Work item: Which lines below fall between the one containing "أعلنت نقابات عمال" and the one containing "Während des Backens"? Repeat them exactly, counting both of those lines, and add nothing else.

Available records:
"""

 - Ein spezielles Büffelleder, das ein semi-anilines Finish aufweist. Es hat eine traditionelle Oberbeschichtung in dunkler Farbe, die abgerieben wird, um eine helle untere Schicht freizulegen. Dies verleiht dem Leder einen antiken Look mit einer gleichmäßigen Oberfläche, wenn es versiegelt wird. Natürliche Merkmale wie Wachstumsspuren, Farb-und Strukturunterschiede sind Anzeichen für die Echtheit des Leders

"""
"""

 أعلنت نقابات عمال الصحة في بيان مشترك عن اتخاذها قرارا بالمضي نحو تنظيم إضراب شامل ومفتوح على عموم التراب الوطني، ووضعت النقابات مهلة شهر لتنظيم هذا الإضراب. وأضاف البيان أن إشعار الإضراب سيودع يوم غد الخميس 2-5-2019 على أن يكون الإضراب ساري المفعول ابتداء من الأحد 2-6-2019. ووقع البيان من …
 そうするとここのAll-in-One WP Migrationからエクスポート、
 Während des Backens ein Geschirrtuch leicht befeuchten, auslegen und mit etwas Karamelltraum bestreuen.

"""

Output of the exercise:
 أعلنت نقابات عمال الصحة في بيان مشترك عن اتخاذها قرارا بالمضي نحو تنظيم إضراب شامل ومفتوح على عموم التراب الوطني، ووضعت النقابات مهلة شهر لتنظيم هذا الإضراب. وأضاف البيان أن إشعار الإضراب سيودع يوم غد الخميس 2-5-2019 على أن يكون الإضراب ساري المفعول ابتداء من الأحد 2-6-2019. ووقع البيان من …
 そうするとここのAll-in-One WP Migrationからエクスポート、
 Während des Backens ein Geschirrtuch leicht befeuchten, auslegen und mit etwas Karamelltraum bestreuen.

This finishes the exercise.